Cyclic AMP Assays. CHO-K1 Chinese hamster ovary cells were seeded (150,000 cells per dish) on 35-mm (diameter) Petri dishes in Ham's F-12 medium containing 10% fetal calf serum, antibiotics, amphotericin, sodium pyruvate, and 400 µg/ml G418. Cells were incubated for 2 h in KRH (see below) containing rolipram (25 µM) and incubated in the presence of the tested compound for 10 min with or without forskolin (3 µM). The incubation was stopped by the addition of 1 ml of HCl (0.1 M). The cellular lysate was dried and resuspended in an appropriate volume of water. Cyclic AMP was quantified by ¹²⁵I radioimmunoassay as described previously (Brooker et al., 1979).

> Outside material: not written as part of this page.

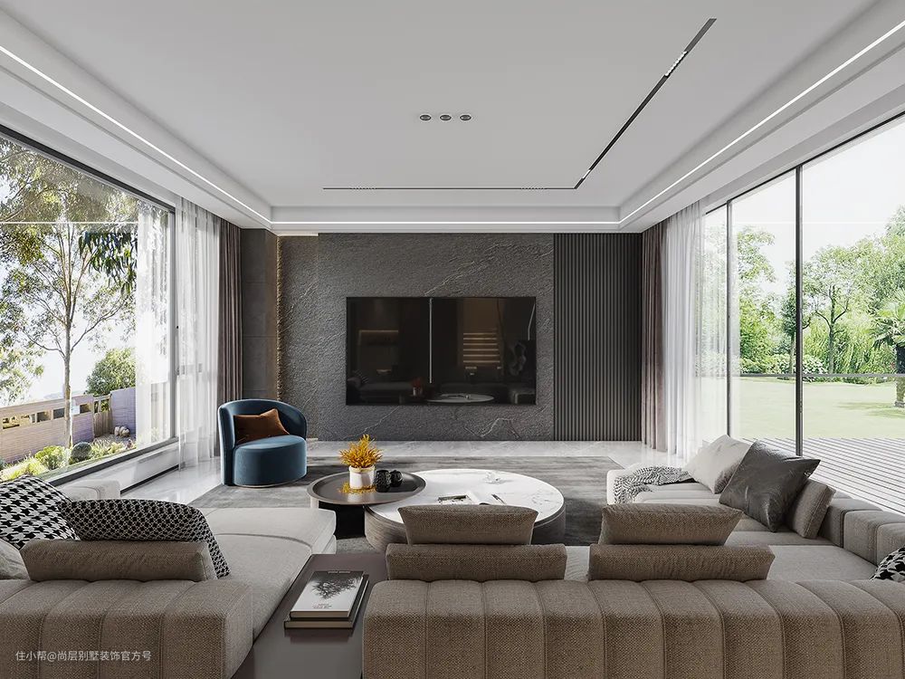 设计师采用极简轻奢风格,客厅迎合时下无主灯设计的潮流,让整体空间简洁明快。

Evaluation of Nucleotide Degradation. AG32 cells were seeded (200,000 cells per dish) on 35-mm (diameter) Petri dishes in inositol-free Dulbecco's modified Eagle's medium containing 5% fetal calf serum, antibiotics, amphotericin, sodium pyruvate, and 400 µg/ml G418. Cells were incubated for 2 h in KRH buffer. Cells were then incubated in the presence of 100 nM [³H]ADP or 100 nM [³H]2MeSADP for various times. Cell supernatants were filtered through a 0.4-µm filter (Millipore, Brussels, Belgium) and stored at -20°C. Radiolabeled nucleotides were separated by HPLC on a µBondapack C18 reverse phase 3.9 x 300 mm column (Millipore) and eluted at 1.5 ml/min with a linear methanol gradient between solution A (5 mM TBAP, 60 mM KH₂PO₄, and 5% methanol) and solution B (5 mM TBAP, 60 mM KH₂PO₄, and 35% methanol) at 2% per min. HPLC fractions were counted after addition of scintillation liquid, Insta-Gel II Plus (PerkinElmer). The column was calibrated using unlabeled nucleotides (AMP, ADP, ATP, 2MeSAMP, 2MeSADP, and 2MeSAMP) and radiolabeled nucleotides ([³H]ADP and [³H]2MeSADP).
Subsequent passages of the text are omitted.